The MEPs cited many reasons for all these containers falling overboard. Amongst them was ‘shoddy workmanship’ by those involved in stowing containers, reporting that many containers were lost from short sea ships which ‘often’ released the lashings prior to the ship entering port.Another reason suggested by the MEPs for containers being lost at sea was that they were mis-declared and were overweight. Misdeclaration of the cargo mass is a serious problem and the MEPs again demanded that containers were weighed at the port prior to loading.
As the Club has repeatedly advised, responsibility for providing accurate gross mass information rests with the shipper/consolidator and thus arguably catching mis-declaration at the port is too late. This is clearly so, but in intermodal transport mandating the opportunity to validate weight at this nodal point is one the Club would support, with the knowledge that all transport contracts allow recovery of costs from malfeasors.
Wrongly declared containers can present the ship planners with a serious problem, as they could be stowed higher or lower in a deck stack than would be correct for their actual mass. A container with a mass larger than those below them will adversely affect the stack’s stability and should be avoided, but equally a container with a smaller mass can compromise stability calculations. Thus, the Club would assert that the risks relate to under and over weight declarations – and the impact is felt as much on land as at sea.

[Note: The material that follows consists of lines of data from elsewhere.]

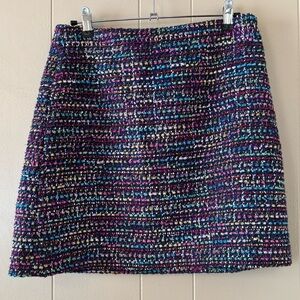 The product is a women's tweed multicolor metallic skirt by Ann Taylor Loft in size 6. It features a zipper closure, making it suitable for various occasions such as parties, casual wear, workwear, and business settings. The skirt is made of polyester and other fibers, with a tweed fabric type, and has a preppy style. It is lined and designed as a mini length skirt, perfect for the winter, fall, and spring seasons. Made in Vietnam, this skirt adds a touch of elegance to any outfit with its multicolor metallic tweed design.
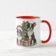 Niedliche Darstellung von Boston Terrier Hunden, die zu Weihnachten verkleidet sind. Ideal für Hundeliebhaber und Hundeeltern während der Ferienzeit.
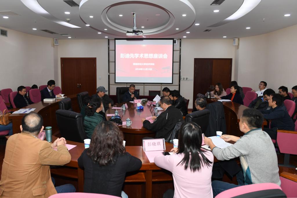 2018年11月15日下午,以纪念彭迪先先生诞辰110周年为主题的“彭迪先学术思想座谈会”在西南财经大学柳林校区格致楼918举行。此次座谈会由开云手机web版登录入口主办,彭迪先先生之女彭亚华女士、彭迪先先生之子彭少华先生等携家属出席,开云手机web版登录入口党委书记兰敏同志主持会议,学校党委宣传部副部长吴晶致辞,开云手机web版登录入口前院长刘方健教授、教师代表王朝明教授、蒋南平教授、吴垠教授、袁正教授先后发言,分别介绍了彭迪先先生的学术成绩、对学科建设的卓著贡献、对学校和学院建设发展的重要作用等。
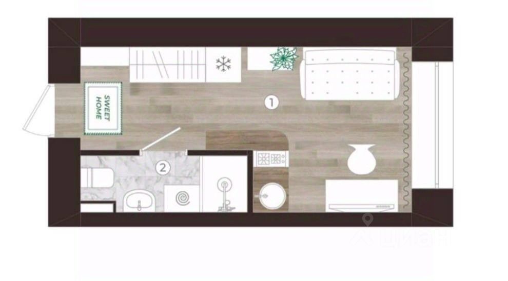 Арт. 92093850. Отличная, компактная студия 16.1 кв.м.
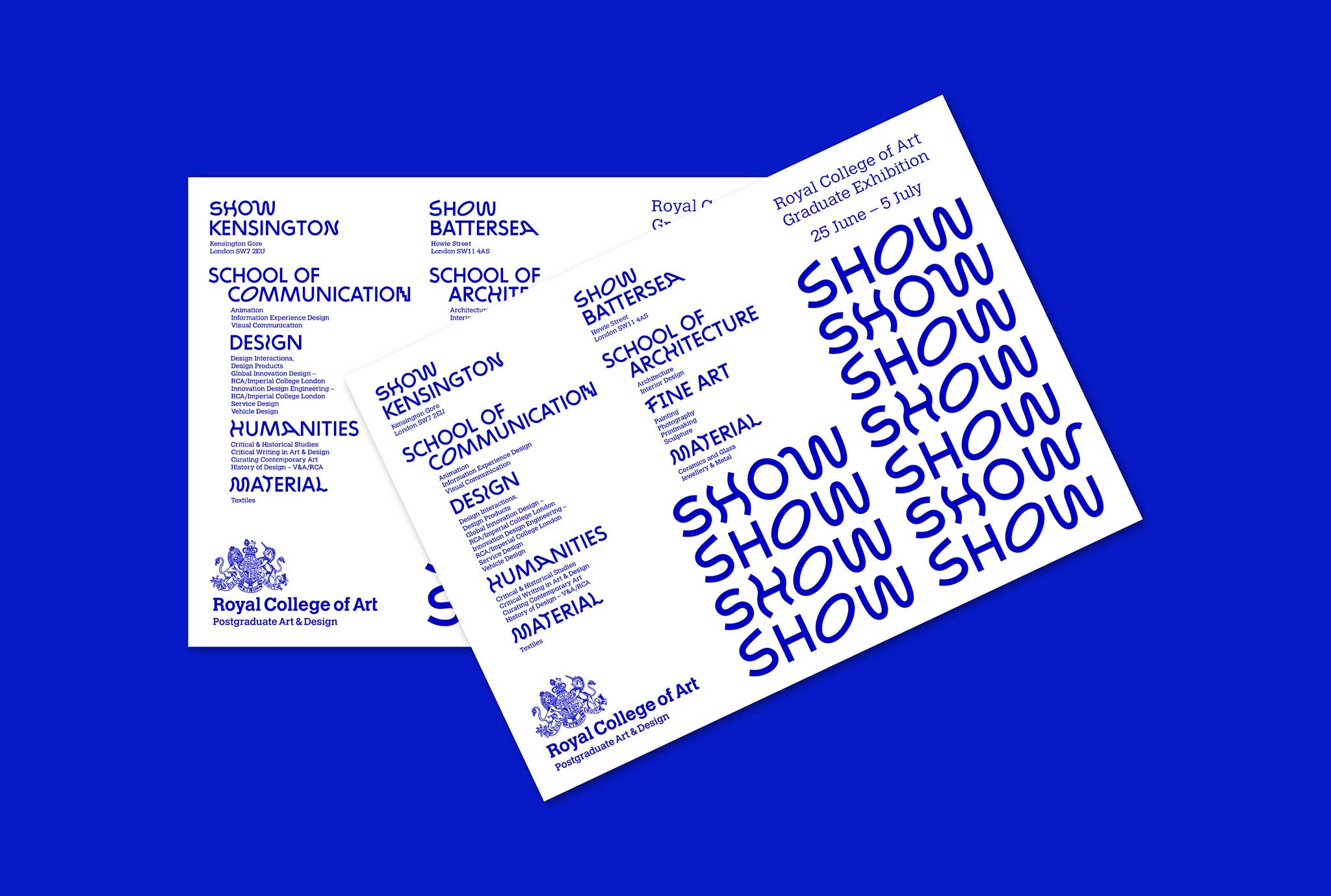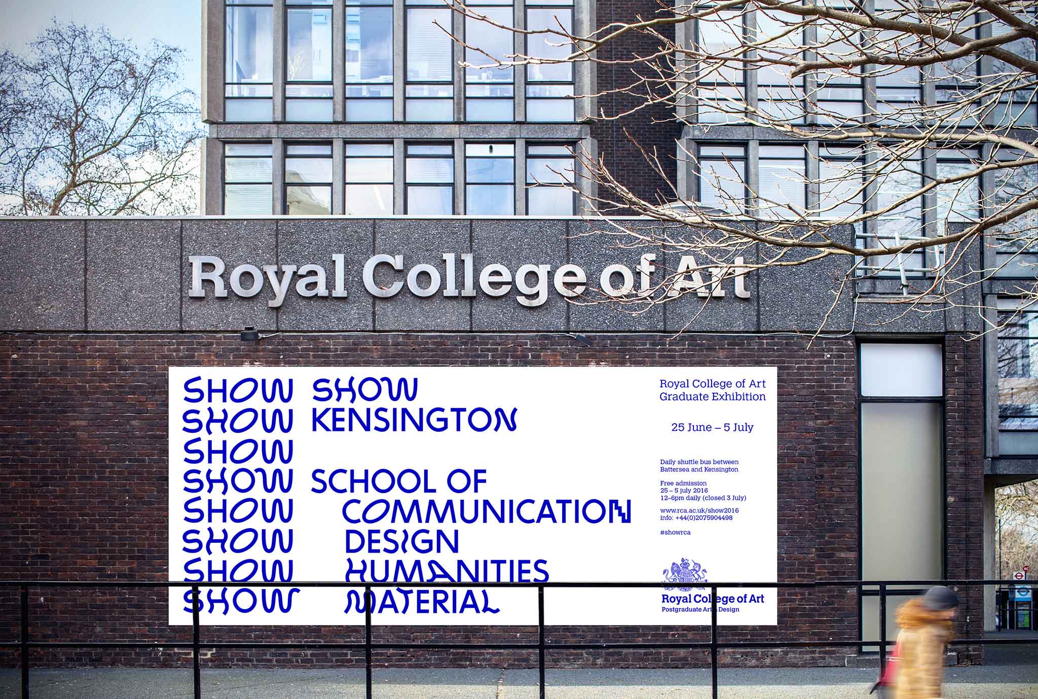 The Royal College of Art SHOW is a big event taking place in the college galleries in Kensington and Battersea each year around June. 600 graduating students within art, design and humanities exhibit their best work to date. Summer Studio was invited to pitch with a proposal for the visual identity for the RCA SHOW 2016.

In addition to training for the those involved in lashing containers, one solution suggested by the MEPs was that every container should be equipped with a beacon that would allow it to be located when it was in the sea to alert nearby ships and smaller vessels of its presence so that it could be avoided or recovered. The beacon could also be used to identify the owner so that a penalty could be levied against them for any salvage and clean up costs.
The European Commission replied stating that there were European Directives (2004/35, 2005/35 and 2009/20) that covered insurance risks, compensation and penalties. Furthermore the Commission felt that every action should be taken to protect the world’s seafarers and the proper forum for such action was the International Maritime Organisation, despite the MEPs assertions that the IMO had ‘to be one of the slowest international organisations the world has ever come across’.